Ravi Sundaram initiated and commented on this discussion and Raj Rajaraman helped me greatly in getting the facts right after 20 years in the software design field. This page assumes that readers are familiar with our 1981 JACM paper [Lieberherr/Specker 1981] on Partial Satisfaction and the Journal of Algorithms paper:
@ARTICLE{lieber:algorithms,
AUTHOR = "Karl J. Lieberherr",
TITLE = "Algorithmic extremal problems
in combinatorial optimization",
JOURNAL = "Journal of Algorithms",
YEAR = 1982,
PAGES = "225-244",
VOLUME = 3
}
that simplifies and generalizes the initial result.
The purpose of this page is to view Johan Hastad's seminal and influential work on optimal inapproximability results (STOC and 60 page JACM paper) in a more general context and to show that an earlier result of ours, proved using simpler techniques than PCP (probabilistically checkable proof) and Fourier analysis, is a consequence of one of Hastad's key results.
Informally, we call an algorithm P-optimal if "improving" it would imply that P=NP. There are two kinds of P-optimal algorithm theories for the generalized satisfiability problems:
TOTAL-P-optimal and OPTIMAL-P-optimal.
Fix a generalized satisfiabilty problem S with P-optimal threshold t[S].
TOTAL-P-optimal: Find an assignment that satisfies as many clauses as possible and prove that the fraction t(S)+e of the total number of clauses is always satisfied.
Example: Consider the following generalized satisfiability problem S: All clauses are an instance of the relation x+y+z=1 (exactly one of the variables is 1). Then t[S] = 4/9. Note that a random assignment will only satisfy 3/8!
OPTIMAL-P-optimal: Find an assignment that satisfies as many clauses as possible and prove that the fraction t[S]+e of the optimal number of satisfiable clauses is always satisfied.
TOTAL-P-optimal has been addressed in a general way around 1980 by Lieberherr, Specker et al. [JACM, Journal of Algorithms, Theoretical Computer Science]. Both P-optimal algorithms and their optimality proofs were developed.
The results in Johan Hastad's far-ranging and seminal 1997 STOC paper can be seen to address OPTIMAL-P-optimal for a few interesting special cases.
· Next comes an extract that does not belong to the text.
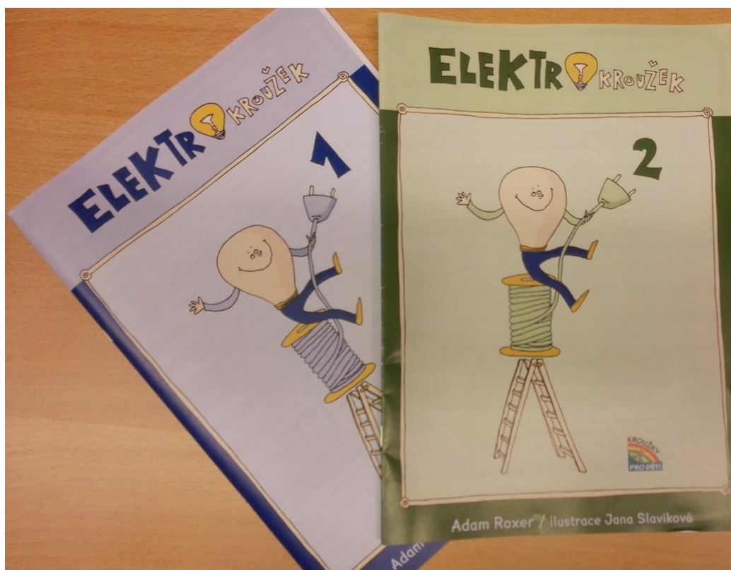
Obrázek 12 - Elektro deníky na kroužek Elektrohry

Hastad's work shows that the algorithms are P-optimal in a second and stronger way using the thresholds that have been known before. The STOC paper was followed by a JACM paper: J. Hastad, Some optimal inapproximability results, Journal of ACM, Vol. 48, 2001, pp 798--859.
begin Example:
[Lieberherr/Specker 1981]
shows that it is NP-hard to determine in polynomial time whether
there exists an assignment that satisfies 7/8+eps of the TOTAL number of
clauses in a given 3SAT formula.
On the other hand, Hastad shows that it is NP-hard to determine in
polynomial time, an assignment that satisfies 7/8+eps of the OPTIMAL
number of satisfiable clauses in a given 3SAT formula.
For both the problems, if we replace 7/8+eps by 7/8, then it is trivial to solve them -- since for any formula, there exists an assignment that satisfies 7/8 of the clauses. (We assume that every clause has exactly 3 literals.)
The reduction in [Lieberherr/Specker 1981] takes a 3SAT formula f and pads a few copies of f with several copies of an 8-clause formula for which only 7 clauses can be satisfied. And the reduction shows that if one can determine whether 7/8+eps of the clauses in this padded formula can be satisfied, then one can determine whether f is satisfiable.
However, the reduction will not work for Hastad's problem. This is
because the optimal number of satisfiable clauses in the padded formula is
only a 7/8+delta fraction, where delta is small. Since one can find an
assignment that satisfies 7/8 fraction of all formulas, we obtain a near
1-approximation. (In fact, any assignment will give a near
1-approximation.)
end Example
Conjecture TOTAL = OPTIMAL: The TOTAL-P-optimal thresholds are the same as the OPTIMAL-P-optimal thresholds. In other words, if the TOTAL-P-optimal threshold is t[S] for generalized satisfiability problem S, then for all e it is NP-hard to find an assignment that satisfies the fraction t[S]+e of the OPTIMAL number of satisfiable clauses in a given S formula.
Johan Hastad's results confirm this conjecture for the cases he covered.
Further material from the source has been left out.